| The problem |
Go through the listing below and write out exactly the lines from the one that mentions "- 🕹 Relive the" through the one that mentions "Считаем необходимым еще", minus the pictures.

| Data for processing |
- - - -

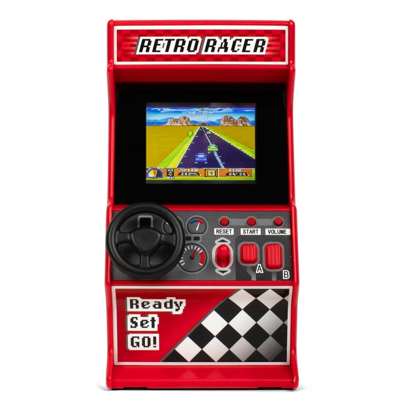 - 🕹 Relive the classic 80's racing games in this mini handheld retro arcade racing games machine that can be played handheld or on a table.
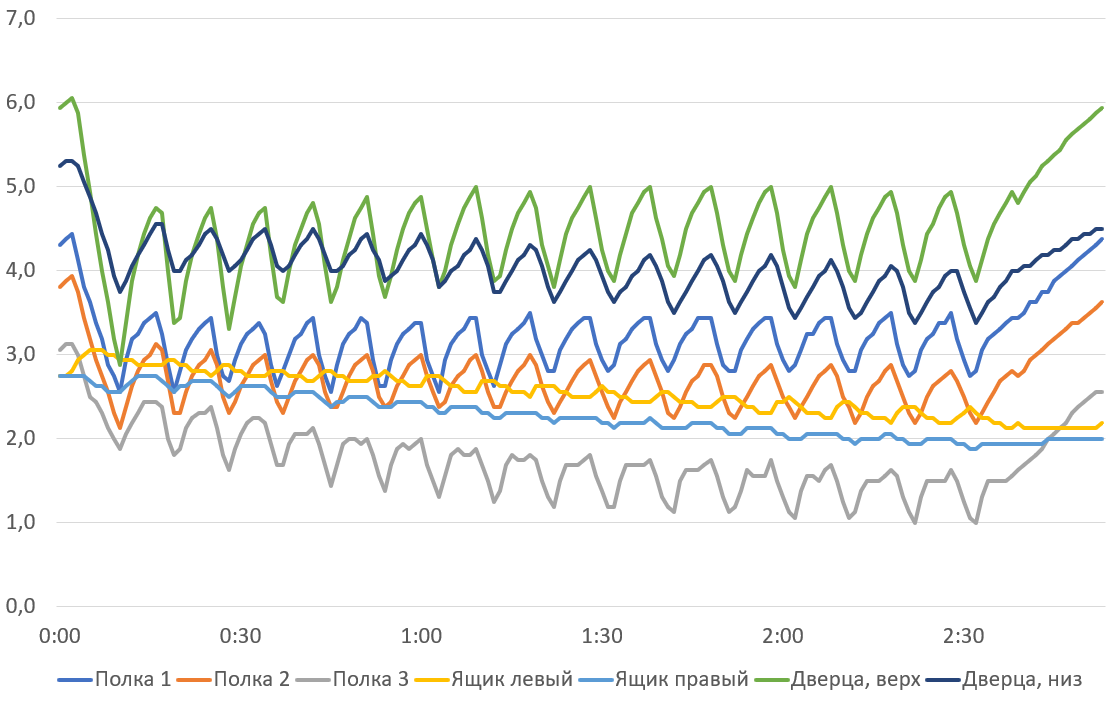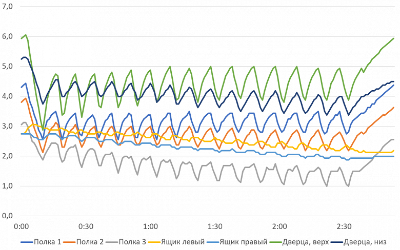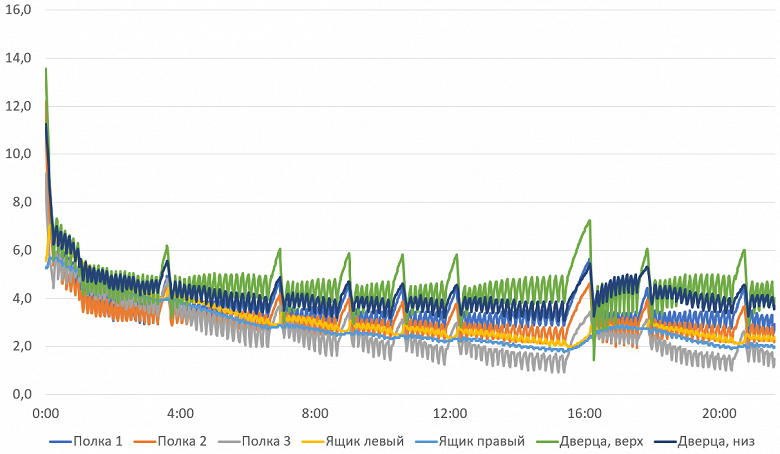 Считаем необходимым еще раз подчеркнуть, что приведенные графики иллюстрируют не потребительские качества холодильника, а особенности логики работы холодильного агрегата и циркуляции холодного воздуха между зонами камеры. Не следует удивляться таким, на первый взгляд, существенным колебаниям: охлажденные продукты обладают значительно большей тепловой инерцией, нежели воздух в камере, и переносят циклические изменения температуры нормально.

- - - -

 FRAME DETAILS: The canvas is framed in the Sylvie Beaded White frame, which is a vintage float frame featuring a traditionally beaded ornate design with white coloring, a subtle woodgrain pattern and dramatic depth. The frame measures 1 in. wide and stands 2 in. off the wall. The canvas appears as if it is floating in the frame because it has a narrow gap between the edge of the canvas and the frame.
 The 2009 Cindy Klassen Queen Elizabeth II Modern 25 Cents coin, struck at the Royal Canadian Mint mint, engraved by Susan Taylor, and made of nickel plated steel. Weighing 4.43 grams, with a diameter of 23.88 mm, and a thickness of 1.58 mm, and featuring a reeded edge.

- - - -

| Exercise response |
 - 🕹 Relive the classic 80's racing games in this mini handheld retro arcade racing games machine that can be played handheld or on a table.
 Считаем необходимым еще раз подчеркнуть, что приведенные графики иллюстрируют не потребительские качества холодильника, а особенности логики работы холодильного агрегата и циркуляции холодного воздуха между зонами камеры. Не следует удивляться таким, на первый взгляд, существенным колебаниям: охлажденные продукты обладают значительно большей тепловой инерцией, нежели воздух в камере, и переносят циклические изменения температуры нормально.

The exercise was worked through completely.